_Task brief_:
Quote these lines exactly: the one that holds "Batom líquido vermelho" and every line after it to the end of the material below. Skip pictures.

• • • • •

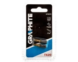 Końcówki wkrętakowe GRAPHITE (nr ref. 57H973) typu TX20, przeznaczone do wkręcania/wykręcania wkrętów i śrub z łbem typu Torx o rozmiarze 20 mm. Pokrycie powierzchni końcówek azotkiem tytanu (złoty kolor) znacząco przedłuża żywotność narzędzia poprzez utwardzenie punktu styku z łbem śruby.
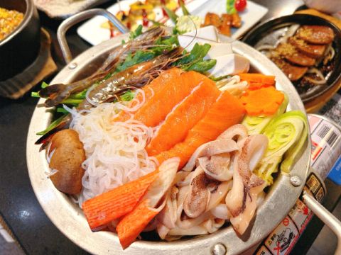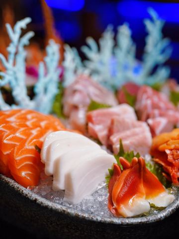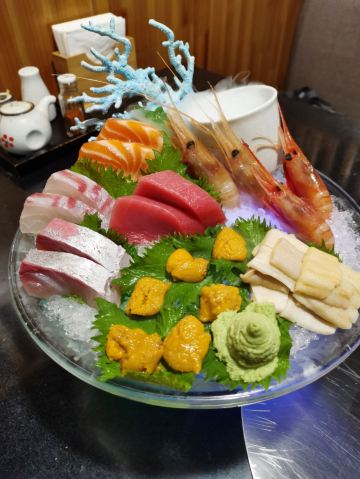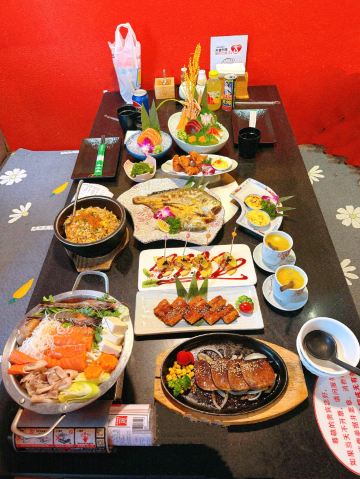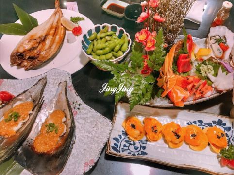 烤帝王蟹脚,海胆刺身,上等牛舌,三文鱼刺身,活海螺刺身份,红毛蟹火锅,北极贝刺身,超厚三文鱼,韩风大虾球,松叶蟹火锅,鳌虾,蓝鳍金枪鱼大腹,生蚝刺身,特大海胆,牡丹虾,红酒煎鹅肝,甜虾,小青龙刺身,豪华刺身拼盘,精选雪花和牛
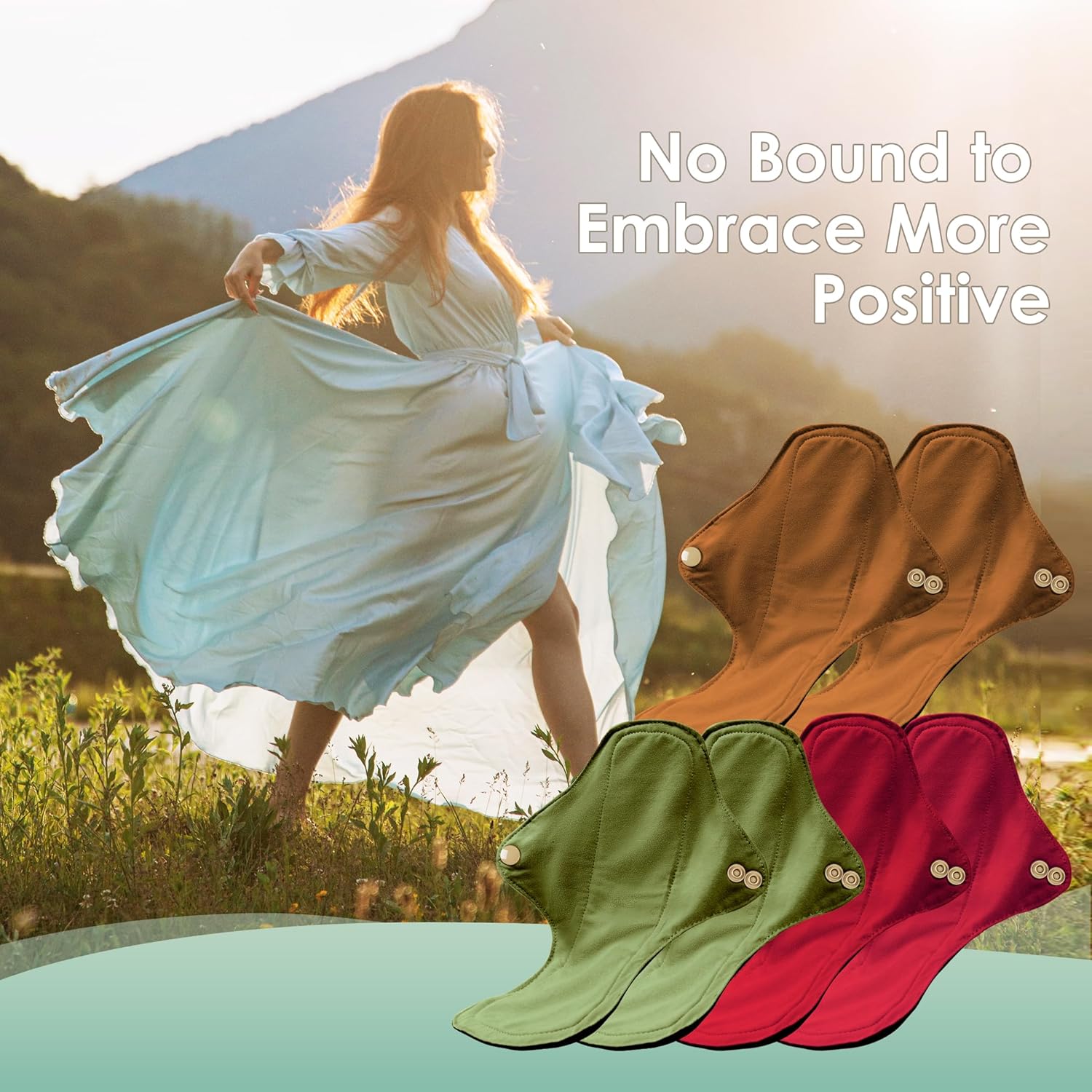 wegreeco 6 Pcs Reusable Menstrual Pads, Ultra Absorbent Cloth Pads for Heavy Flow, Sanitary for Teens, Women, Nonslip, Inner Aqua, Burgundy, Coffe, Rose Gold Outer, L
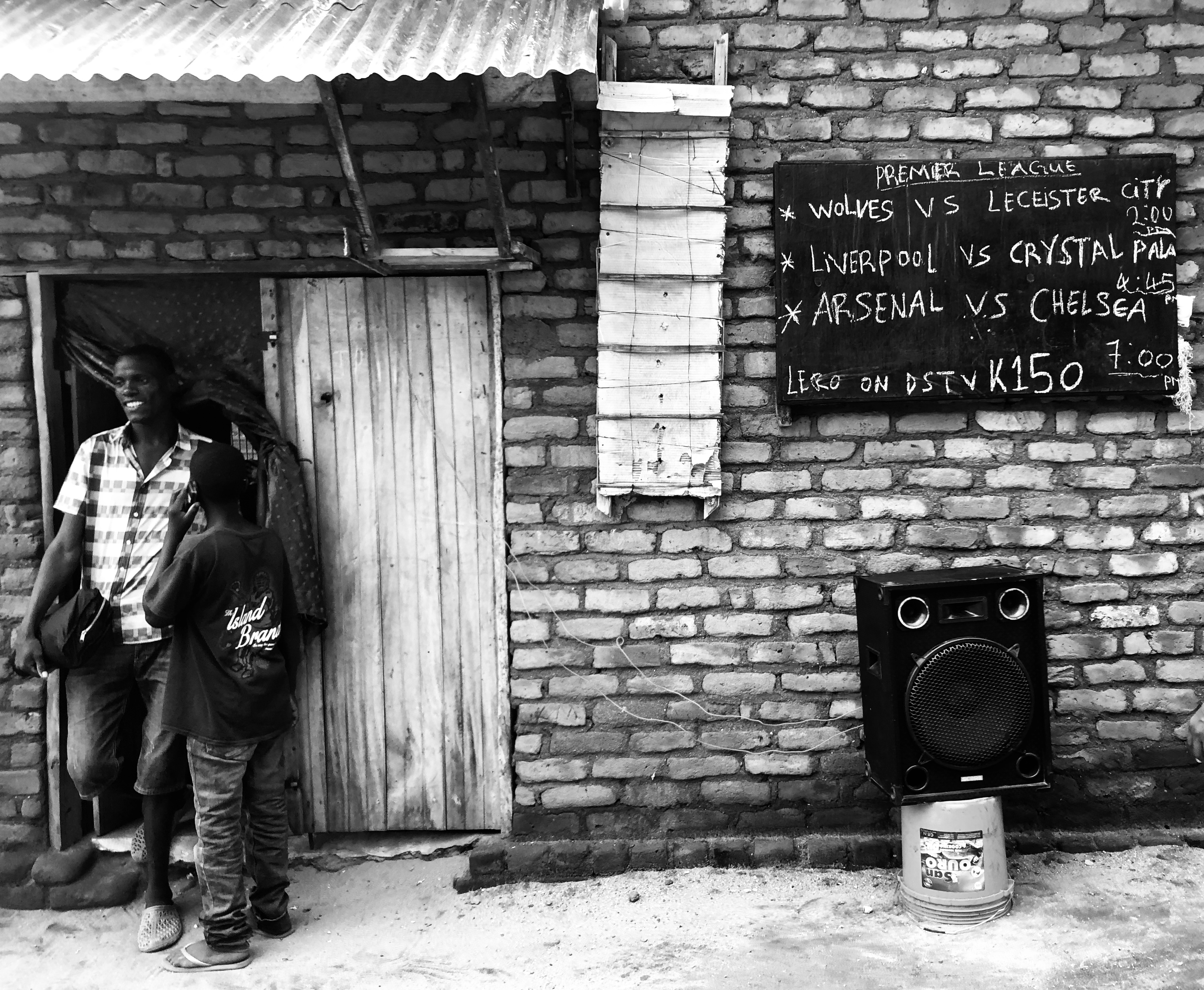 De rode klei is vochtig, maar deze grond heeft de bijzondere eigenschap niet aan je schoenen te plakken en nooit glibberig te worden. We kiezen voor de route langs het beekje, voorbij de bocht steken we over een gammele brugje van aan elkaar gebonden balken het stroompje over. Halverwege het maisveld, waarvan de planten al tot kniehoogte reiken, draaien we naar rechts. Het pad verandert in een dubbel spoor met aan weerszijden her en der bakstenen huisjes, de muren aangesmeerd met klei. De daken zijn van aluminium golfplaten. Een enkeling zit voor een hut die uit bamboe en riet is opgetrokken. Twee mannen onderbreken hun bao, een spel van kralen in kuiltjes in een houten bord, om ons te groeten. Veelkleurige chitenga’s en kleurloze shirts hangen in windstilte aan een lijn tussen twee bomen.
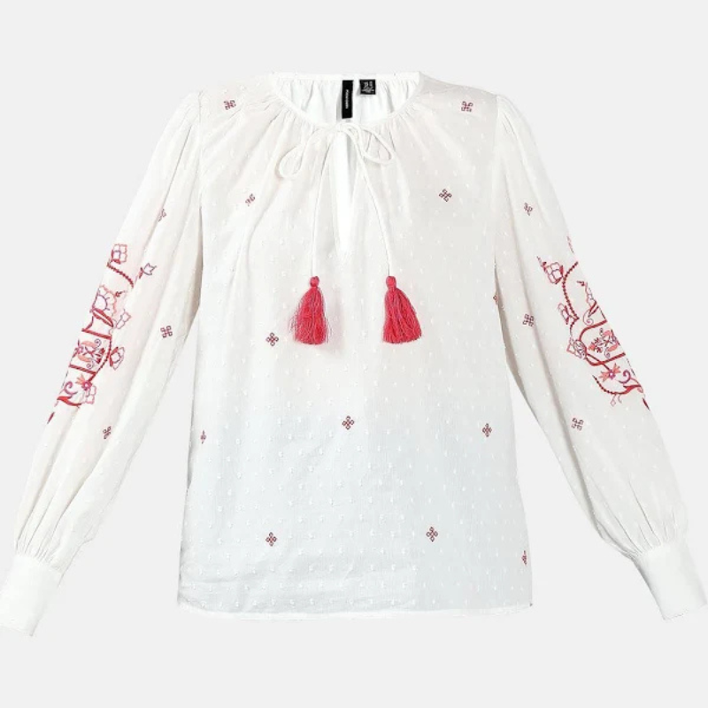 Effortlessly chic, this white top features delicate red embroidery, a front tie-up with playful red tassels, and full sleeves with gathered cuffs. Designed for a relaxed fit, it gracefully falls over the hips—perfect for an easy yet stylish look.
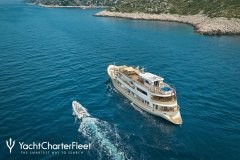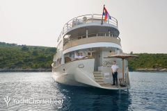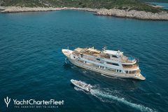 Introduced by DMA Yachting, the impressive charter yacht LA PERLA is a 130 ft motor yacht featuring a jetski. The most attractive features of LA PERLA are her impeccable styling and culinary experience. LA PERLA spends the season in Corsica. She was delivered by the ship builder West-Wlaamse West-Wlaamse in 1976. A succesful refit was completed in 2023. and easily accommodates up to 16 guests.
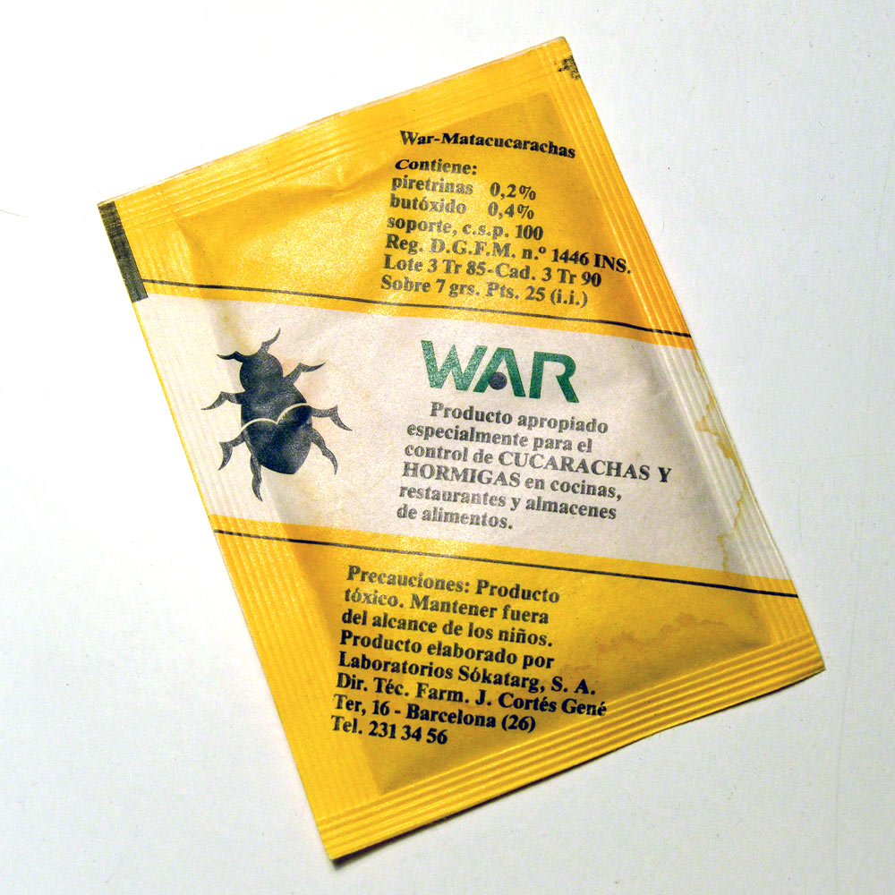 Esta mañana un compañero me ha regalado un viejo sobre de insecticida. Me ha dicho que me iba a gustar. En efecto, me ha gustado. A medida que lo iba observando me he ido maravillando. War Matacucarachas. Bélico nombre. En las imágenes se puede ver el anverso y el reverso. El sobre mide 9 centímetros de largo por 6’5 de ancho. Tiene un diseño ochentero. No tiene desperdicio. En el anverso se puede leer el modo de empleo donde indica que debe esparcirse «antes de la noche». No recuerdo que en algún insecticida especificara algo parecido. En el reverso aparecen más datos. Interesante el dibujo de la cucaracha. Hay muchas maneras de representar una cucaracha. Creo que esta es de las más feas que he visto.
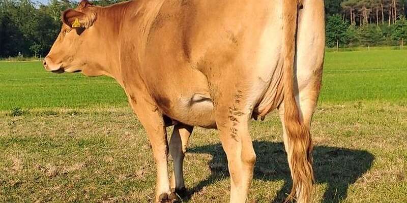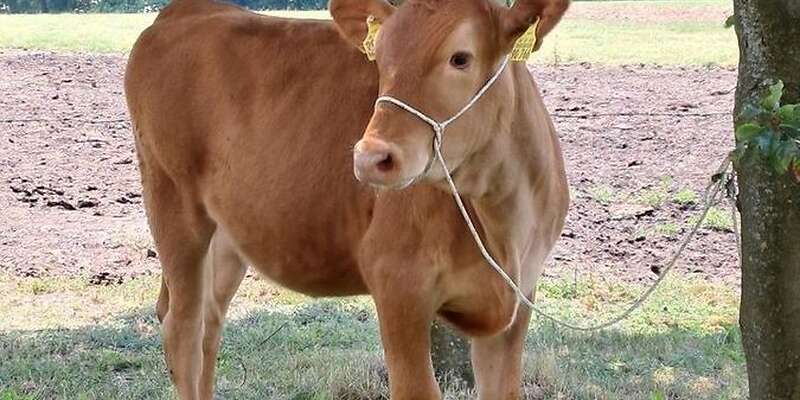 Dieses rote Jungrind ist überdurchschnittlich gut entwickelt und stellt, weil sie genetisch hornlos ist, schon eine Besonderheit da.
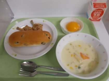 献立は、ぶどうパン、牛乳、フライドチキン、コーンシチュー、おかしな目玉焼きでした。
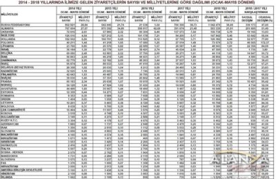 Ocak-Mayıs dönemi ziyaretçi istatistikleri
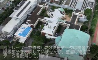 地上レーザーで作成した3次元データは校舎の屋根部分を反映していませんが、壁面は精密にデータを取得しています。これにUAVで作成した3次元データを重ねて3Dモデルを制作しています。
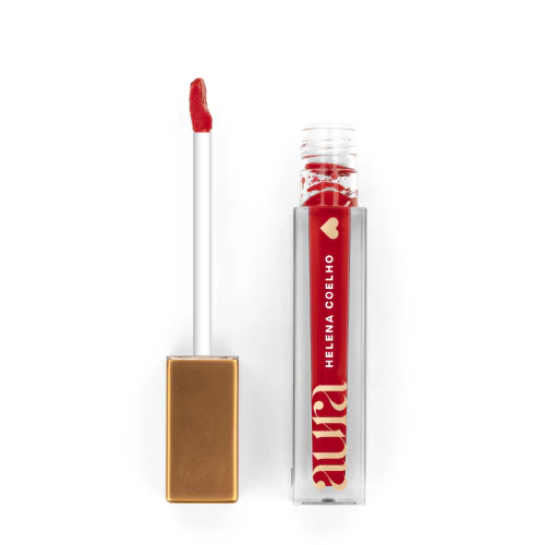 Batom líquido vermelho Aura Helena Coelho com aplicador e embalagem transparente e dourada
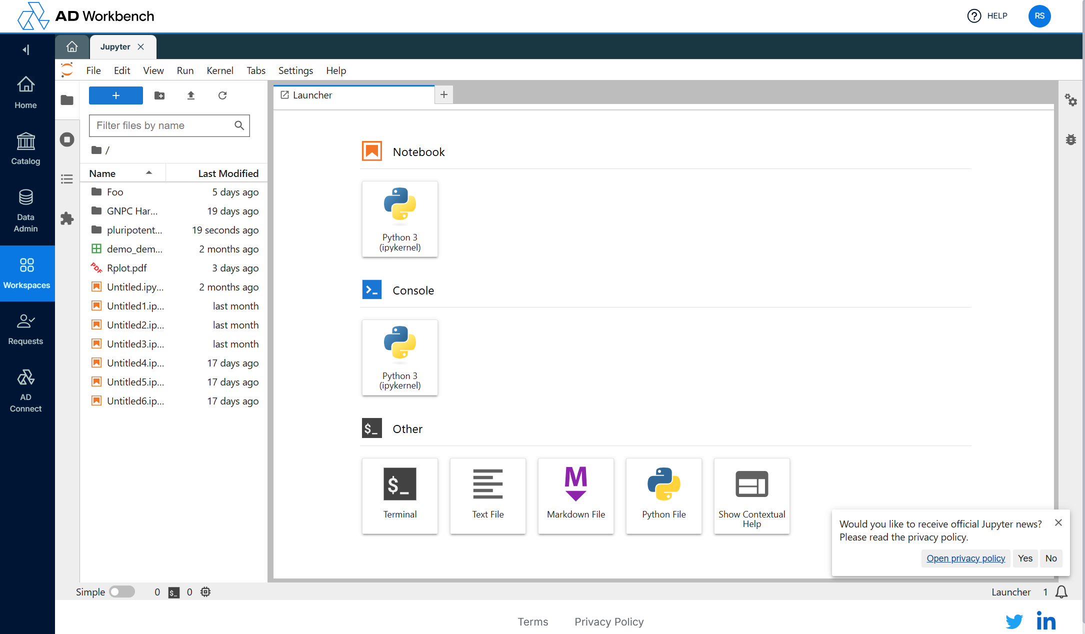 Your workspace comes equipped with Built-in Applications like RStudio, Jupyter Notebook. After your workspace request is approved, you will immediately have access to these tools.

• • • • •

_Result of the exercise_:
 Batom líquido vermelho Aura Helena Coelho com aplicador e embalagem transparente e dourada
 Your workspace comes equipped with Built-in Applications like RStudio, Jupyter Notebook. After your workspace request is approved, you will immediately have access to these tools.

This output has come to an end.